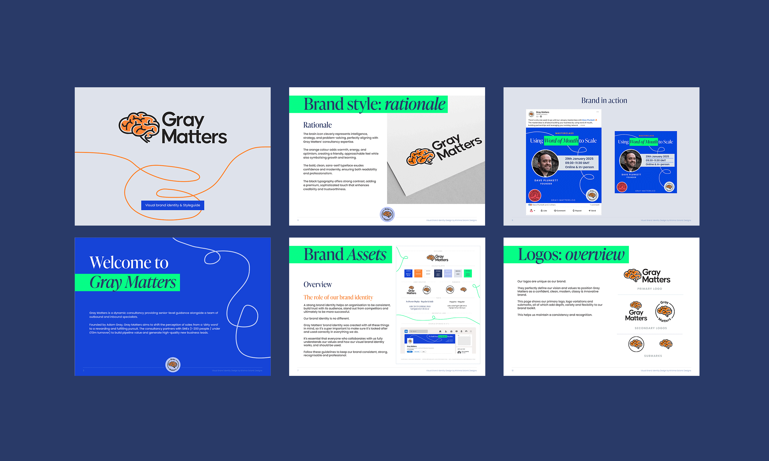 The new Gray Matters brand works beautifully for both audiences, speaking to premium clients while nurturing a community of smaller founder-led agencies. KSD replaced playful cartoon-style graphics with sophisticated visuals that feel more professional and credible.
* * *
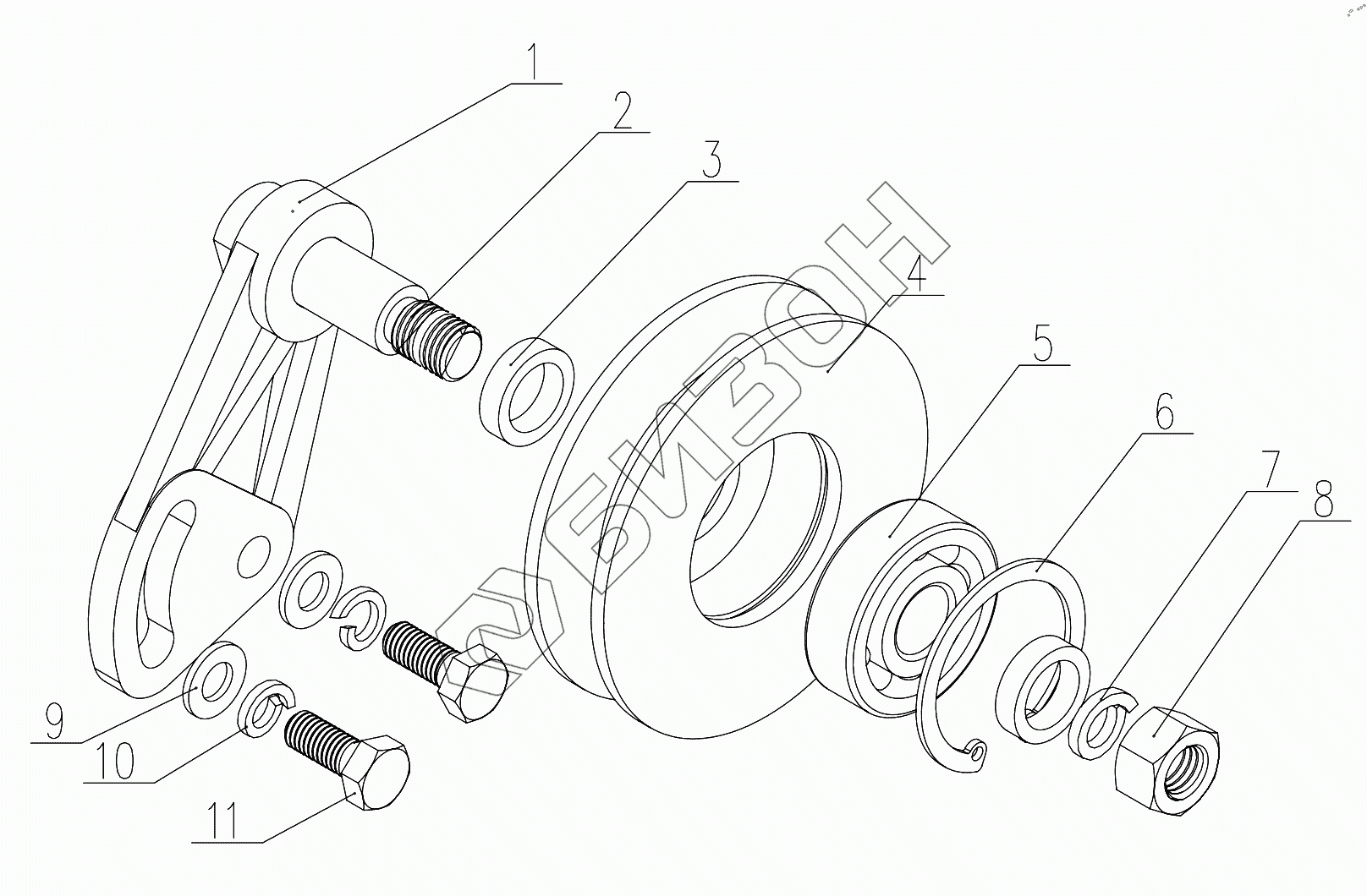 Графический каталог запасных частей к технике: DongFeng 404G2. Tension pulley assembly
...
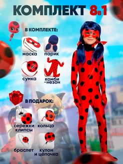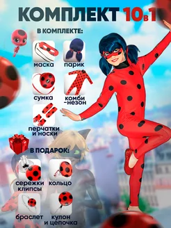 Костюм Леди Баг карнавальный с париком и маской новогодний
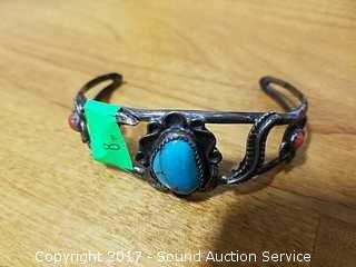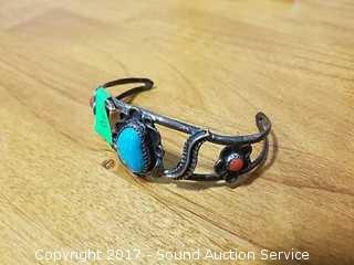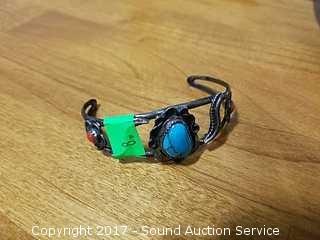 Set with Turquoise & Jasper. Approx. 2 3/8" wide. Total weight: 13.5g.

- **TASK TO COMPLETE**: The material above holds pictures; leave them out. Repeat exactly the lines from the one containing "Костюм Леди Баг" through the one containing "Set with Turquoise", and nothing else.

- **FINISHED TASK**:
 Костюм Леди Баг карнавальный с париком и маской новогодний
 Set with Turquoise & Jasper. Approx. 2 3/8" wide. Total weight: 13.5g.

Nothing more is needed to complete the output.